= Sarah Ward (novelist) =

English novelist and critic

Sarah Rhiannon Ward (living) is an English novelist and critic living in the Peak District of rural Derbyshire. She writes a crime fiction series as Sarah Ward and has also written a Gothic thriller as Rhiannon Ward.

==Works==
===Fiction===
A series of four novels by Ward – In Bitter Chill (2015), A Deadly Thaw (2017), A Patient Fury (2018, chosen as "Thriller of the Month" by The Observer) and The Shrouded Path (2019) – are set in the Derbyshire Dales, where she lives. They feature a female detective, Connie Childs. The Northern English Lancashire Evening Post noted that the fourth novel is "moody, menacing and with more than a hint of the macabre... a mystery that grips like a raw day in the Peaks."

The books are set in and near the fictional town of Bampton, which the author states "is partly based on Buxton with its Georgian architecture, Bakewell, which is a well-heeled market town with a strong tourist industry, and Cromford with its canal and fantastic industrial heritage."

Ward's latest novel, The Quickening (2021), is described as a Gothic thriller. It appeared under the name Rhiannon Ward. All her books have been published in the United Kingdom by Faber. At least two have also appeared in the United States.

===Critical work===
Ward's critical work preceded her own novel-writing. She has written frequent accounts of work by others, in the British newspapers The Guardian and the Sunday Express magazine, in the freeby Metro and elsewhere, including the Los Angeles Review of Books. She still reviews crime fiction widely on her Crimepieces site.

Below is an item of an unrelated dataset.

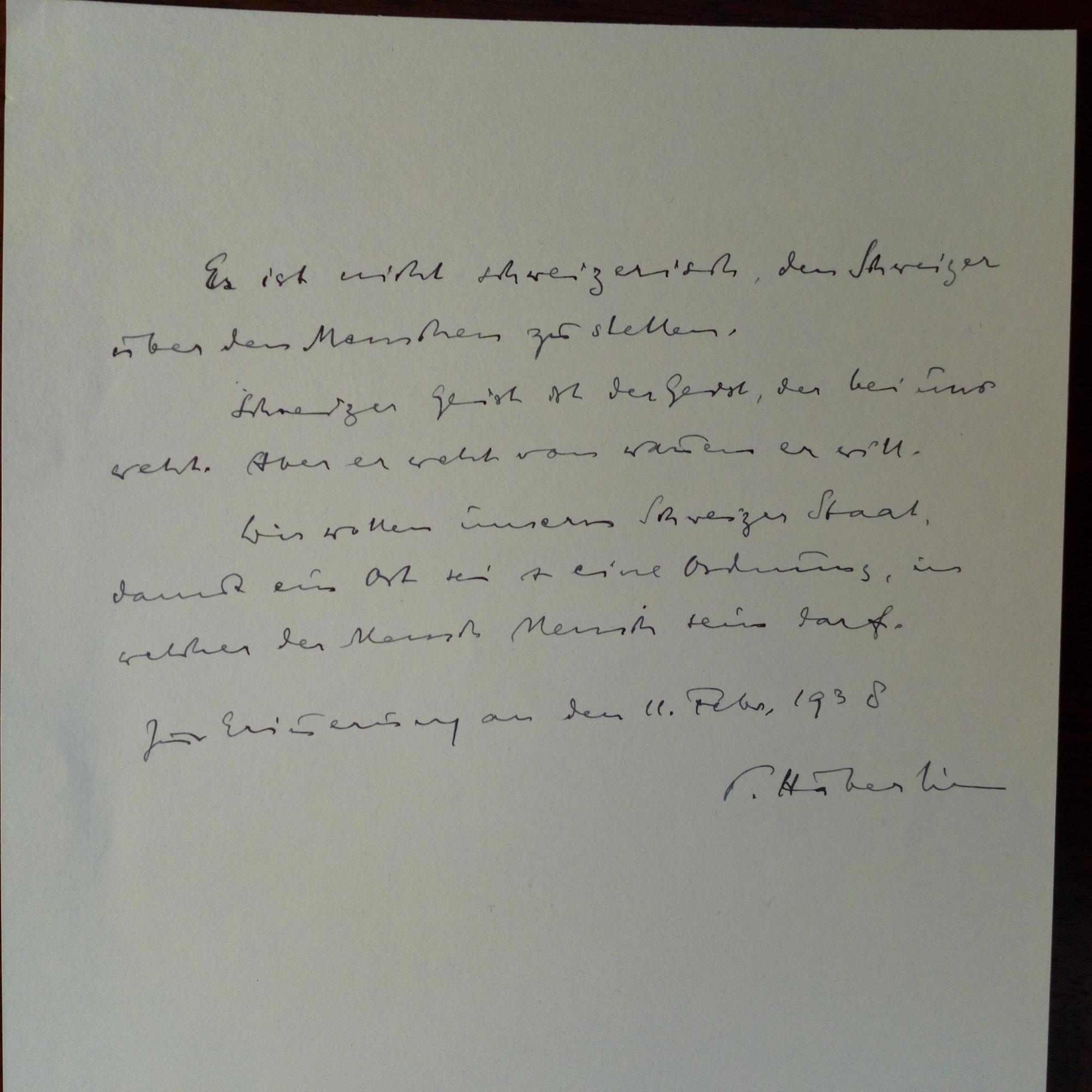 1878-1960, schweiz. Philosoph - 3 e. Aphorismen (zum Thema "Schweiz") mit U., 11.2.1938, ca. ½ S. 4°.
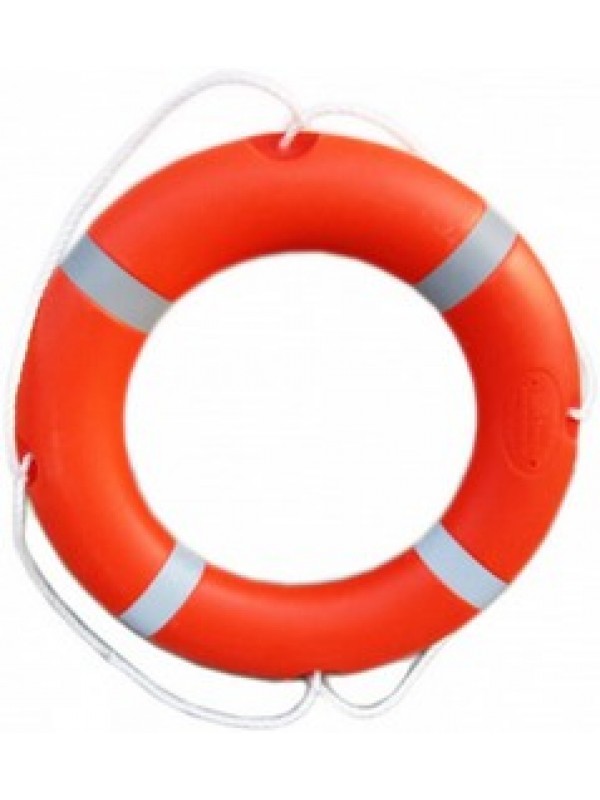 Спасательный круг - индивидуальное спасательное средство для оказания помощи человеку в бассейне. Круг изготовлен из пластика оранжевого цвета. Облегченный, внутри полый. Оснащён леером. По сторонам нанесены полосы контрастного цвета. Внутренний диаметр 45 см, внешний 75 см. Вес 1,6 кг. Согласно рекомендованным нормам количества табельного инвентаря, на бассейн длиной 50 м необходимо 6 шт., для бассейна 25 м – 4 шт., для дошкольных образовательных учреждений, согласно СанПиН 2.4.1.1249-03, требуется 2 шт.

Sarah Ward is Membership Secretary of the Crime Writers' Association and an associate board member of Derby Book Festival. She is also a judge for the Petrona Award for Scandinavian crime novels in translation.

==Private life==
Ward related in a press interview: "I grew up in the neighbouring county of Cheshire and then after university in Liverpool, I lived first in London and then in Athens, Greece. When I returned to the UK I briefly lived in London but decided I preferred to be out of the capital so moved to Derbyshire.... [This] coincided with changes in my personal life."

Sarah Ward gained much information about British police procedures past and present from a cousin (named only as Peter), who retired as a chief inspector from the force in Dyfed–Powys Police, Wales.